Prime Minister Jacinda Ardern on Monday initiated an independent judicial probe into the twin Christchurch mosque attacks that killed 50 people and injured several others, asking whether police and intelligence services could have prevented the March 15 attack.
According to local media reports Ardern urged police and other intelligence officials to implement a royal commission, the most powerful judicial probe available under New Zealand law. The probe,Arden was quoted as saying, was needed to find out how a lone shooter was able to gun down 50 people, adding that the man had not been on any watch lists in New Zealand or Australia.
"It is important that no stone is left unturned to get to how this act of terrorism occurred and how we could have stopped it," Ardern was quoted as telling reporters.
The probe will also include the role of social media in Christchurch attacks and how the accused, 28-year-old Brenton Tarrant, came to acquire an automatic weapon, Ardern noted.
"One question we need to answer is whether or not we could or should have known more," Ardern said.
"New Zealand is not a surveillance state ... but questions need to be answered," the Prime Minister said.
Ardern ruled out New Zealand re-introducing the death penalty for Tarrant, who was arrested minutes after the attack on the mosques and has been charged with murder.
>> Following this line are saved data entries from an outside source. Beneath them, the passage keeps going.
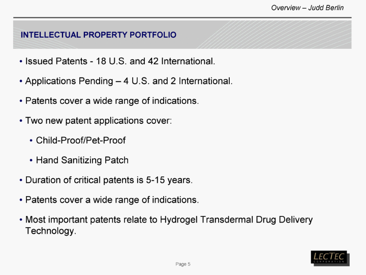| INTELLECTUAL PROPERTY PORTFOLIO Issued Patents - 18 U.S. and 42 International. Applications Pending - 4 U.S. and 2 International. Patents cover a wide range of indications. Two new patent applications cover: Child-Proof/Pet-Proof Hand Sanitizing Patch Duration of critical patents is 5-15 years. Patents cover a wide range of indications. Most important patents relate to Hydrogel Transdermal Drug Delivery Technology. Overview - Judd Berlin |
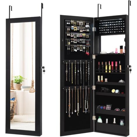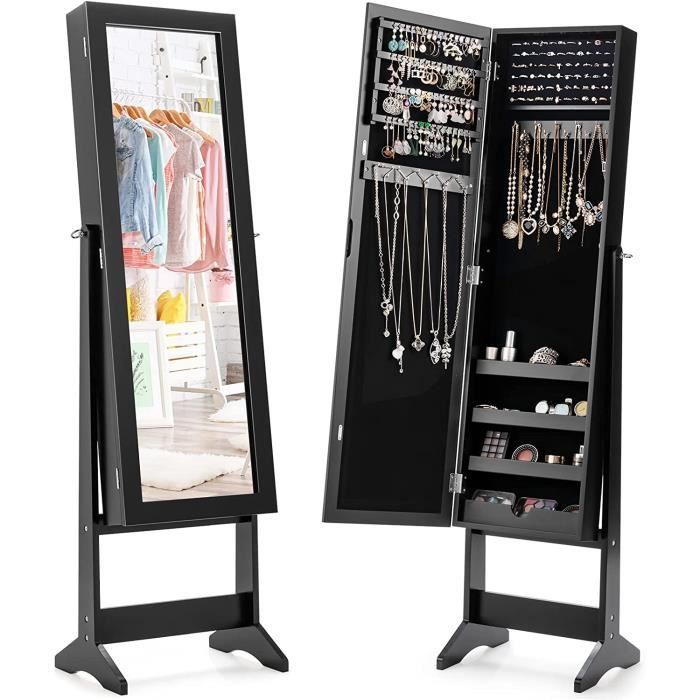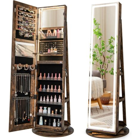 Armoire à Bijoux avec Miroir sur Pieds, Verrouillable, avec 6 LED, Rangement Bijoux Pivotant à 360°, Miroir Psyché sans Cadre, 3 Étagères de Rangement, Blanc ★ARMOIRE BIJOUX 4-EN-1★ Ce meuble bijoux combine un miroir sur pied, une armoire à bijoux, un miroir de vanité intérieur et une étagère de rangement, vous permettant de stocker tous vos essentiels dans un espace compact. Miroir Bijoux Sur Pied Avec éclairage RELAX4LIFE Armoire à Bijoux Pivotante à 360º Avec Miroir Sur Pieds Meuble Dressing Organisateur Armoire à Bijoux Rotative, Armoire à Bijoux Rotative, Armoire à Bijoux Mobile ★CONCEPTION SÉCURISÉE★ Notre miroir bijoux sur pied est équipé d’une charnière métallique robuste et d’une porte verrouillable pour une durabilité longue durée et une sécurité élevée. De plus, la doublure en velours luxueux offre une protection contre les rayures pour votre collection de bijoux . BASE PIVOTANTE À 360°★ Dotée d'une base pivotante à 360°, cette armoire à bijoux offre une grande flexibilité pour répondre à vos divers besoins. De plus, le design pivotant facilite l'accès à vos essentiels et vous offre la position parfaite pour admirer votre image de reflet Sogeshome armoire à bijoux avec miroir sur toute la longueur et étagère En outre, le miroir cosmétique à l’intérieur est également éclairé par les bandes LED de 3 couleurs pour faciliter le maquillage. Elle peut servir de coiffeuse temporaire en cas de besoin. La luminosité est variable par un appui long sur l’écran tactile.
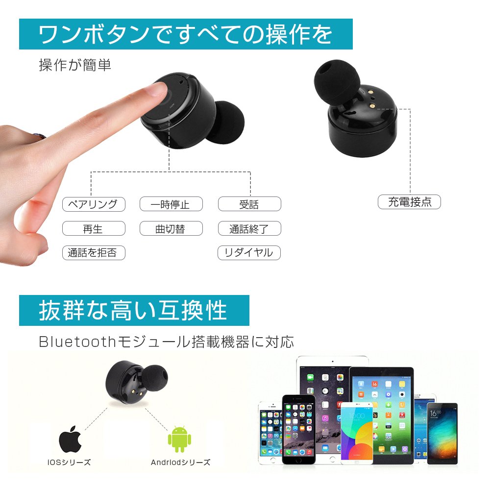 ■ シンプルで操作簡単なワンボタンヘッドセットデザイン、多機能をワンボタンに集中しています。そのワンボタンで音楽再生/一時停止、通話開始/終了/拒否/リダイヤルなどの操作をすべて実現可能です。片手でワンボタンを便利で操作できます。
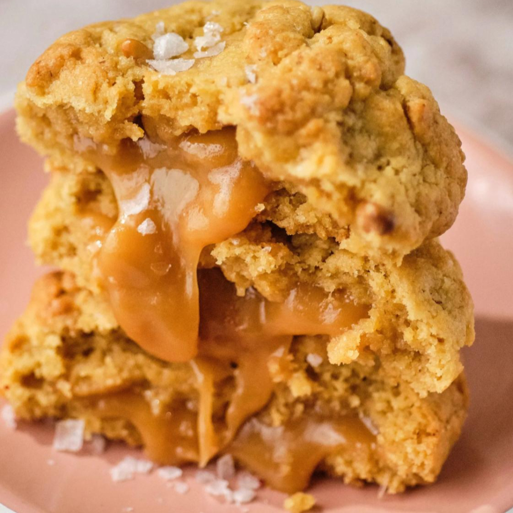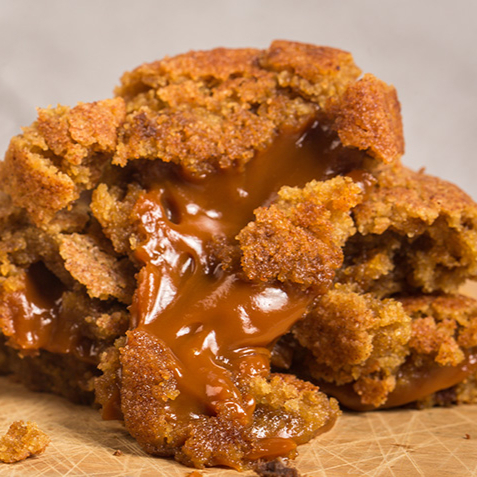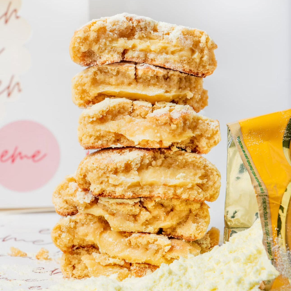 Elaborado con harina de almendras, Stevia, mantequilla Ghee, aromatizado con vainilla con centro cremoso de Arequipe sin lácteos

Tarrant is scheduled to appear in court on April 5.
The Prime Minister is currently awaiting a comprehensive and timely report provided by the royal commission on the mosque attacks, dubbed to be the worst terror attack in the country's modern history.
Improving the security situation in the country, New Zealand, last week, implemented a ban on the sale of assault rifles and semi-automatics across the country to prevent more acts of terror and mass shootings anytime in future.
At least five Indians, including three from Gujarat, were killed in the terror attack.